Chi-square and t-tests demonstrated that there were no significant differences between the groups at baseline, except for a single measure of days out of role. Due to several outliers reporting 30/30 days, and the ordinal nature of the days out of role measures, we also assessed these using a Mann Whitney U test, which showed significant differences between groups for days out of role, z = −2.36, p = .02, but not for partial days out of role, z = −35, p = .73.

3.2. Predictors of uptake

Table 2 presents the logistic regression analysis, which indicated that uptake (accessing at least one module) was significantly related to conscientiousness and acceptability of internet-based psychological programs, with those with higher levels of conscientiousness, and higher acceptability of internet-based psychological programs demonstrated increased odds of between 6.4 and 9.0% of accessing at least one module of the program.
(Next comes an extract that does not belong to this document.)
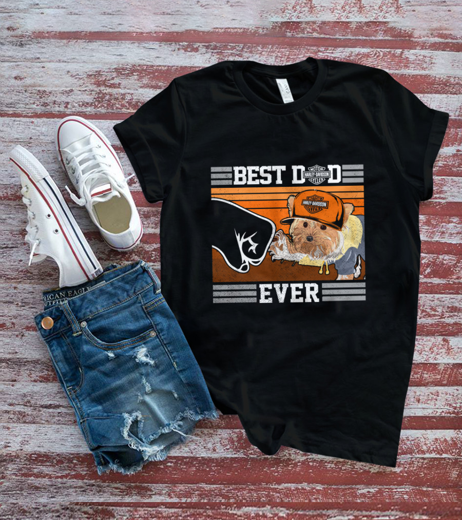Best Dad Ever Motor Harley Davidson Cycles Yorkshire Terrier T-Shirt

There were no other significant factors associated with intervention uptake in the model.

Table 2.

Logistic regression model for predictors of uptake (accessing at least one module (N = 556).

S.E. Wald χ2 OR CI p
Intercept 1.019 11.55 0.031 0.001
Gender (Female) 0.240 0.524 1.190 (0.743–1.906) 0.469
Age 1.220 0.543
 36–55 years 0.206 1.098 0.806 (0.538–1.207) 0.295
 56+ years 0.289 0.654 0.791 (0.449–1.395) 0.419
 18–35 years
Education 1.184 0.757
 Certificate / diploma 0.261 0.030 0.956 (0.574–1.594) 0.864
 Bachelor's degree 0.280 0.000 1.006 (0.581–1.741) 0.982
 Higher degree 0.294 0.763 0.773 (0.434–1.377) 0.383
 High school or less
Extraversion 0.025 0.015 1.003 (0.955–1.053) 0.903
Agreeableness 0.032 0.264 1.017 (0.955–1.083) 0.608
Conscientiousness 0.028 4.959 1.064 (1.007–1.123) 0.026*
Neuroticism 0.035 3.499 1.067 (0.997–1.142) 0.061
Intellect/Imagination/ Openness 0.028 0.213 0.987 (0.935–1.043) 0.645
Acceptability 0.031 7.893 1.090 (1.026–1.158) 0.005*
Condition (myCompass 2 alone) 0.180 0.002 0.992 (0.697–1.411) 0.963

Note: *p < .05; Ref = Reference category.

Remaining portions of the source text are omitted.